The best figs should be slightly wrinkled, yet still plump with a little bit of a bend at the stem. Figs that are too hard or too firm indicate that they were picked before they were ripe. Depending on the variety, they should have a deep colouring and a sweet smell to them. Any sour odor means you should put that fig down and exchange it for another.

Figs are very fragile, so look for “perfect” figs that aren’t too squishy, don’t have any splits, milky liquid at the stem, or the obvious: no mold.

Figs are best consumed within a couple days of purchasing. They can be kept in the fridge, unwashed for that time, but make sure to cover any foods that may give off an odor as the figs can absorb that smell from sitting in the fridge like milk.

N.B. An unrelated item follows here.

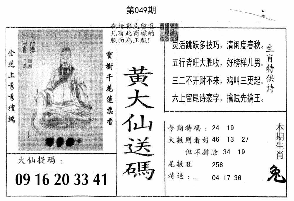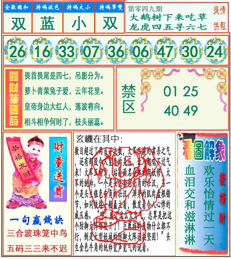 | 049期: 幸运一组三中三→规律①肖①码←7连中 | |

If you do happen to have some unripe figs, store them at room temperature on the counter and they should soften and get a little sweeter. Note that figs do not ripen after they are picked, so avoid unripe figs if you want to have soft and sweet ones for eating fresh.

How To Prepare Figs

Figs are often made into preserves or dried to take advantage of their delicious flavour. However, fresh figs are delightful eaten out of hand given their soft, sweet flavour and chewy texture.

Roast Figs:
Figs can be roasted at 375°F with some red wine or liquor, sugar, and lemon zest, with the cut sides facing up or down in the pan. Cooking them facedown will make them softer, while they’ll be firmer if baked with cut side up. This is a great way to extend the shelf life, and when roasted they’re delicious in the morning with some yogurt, pancakes, or served as a snack with cheese and crackers.

Grilled Figs:
Preheat your charcoal or propane grill and brush a little olive oil on the figs. Grill until lightly charred. Serve in a salad or on some fresh bread topped with crumbled goat cheese.

Caramelized Figs:
You can make fruit brûlée as well. Halve the figs and sprinkle a little sugar on top (raw, brown, demerara, whichever you choose). Use a brulée torch (or your oven on broil, watching carefully) to melt the sugar until caramelized (not too burnt). Let harden and serve alone or with a little burrata or fresh mozzarella.

Stuffed Figs:
To create a sort of blooming flower or star, cut the fig as if you were cutting it into quarters, but leave a centimetre or so uncut. Pinch the bottom to squeeze the insides up a bit to make the cut tips spread out into a star. Stuff with whatever you like: chopped walnuts, gorgonzola or another favourite cheese, and/or a honey drizzle.

Fig Tips

Cook your figs into jam, preserve, or roast with honey for a sweet spread or treat.

Figs are quite mellow in flavour, but cooking or drizzling them with honey, balsamic vinegar, or warm spices enhances their natural sweetness.

Be sure to enjoy your figs within a couple days because they are highly perishable.

 

Fig Nutrition

According to the Canadian Nutrient File, figs are extremely nutrient dense. They have high potassium and fiber content which is reported to help combat heart disease and lower cholesterol levels. On top of that, they’re rich in antioxidants — both in their fresh and dried form (albeit higher in antioxidants in dried form). Per 100 gram serving (about 2 figs), figs contain 12% of your daily fiber, 6% manganese, 7% potassium, 4% magnesium, 4% calcium and 2% iron.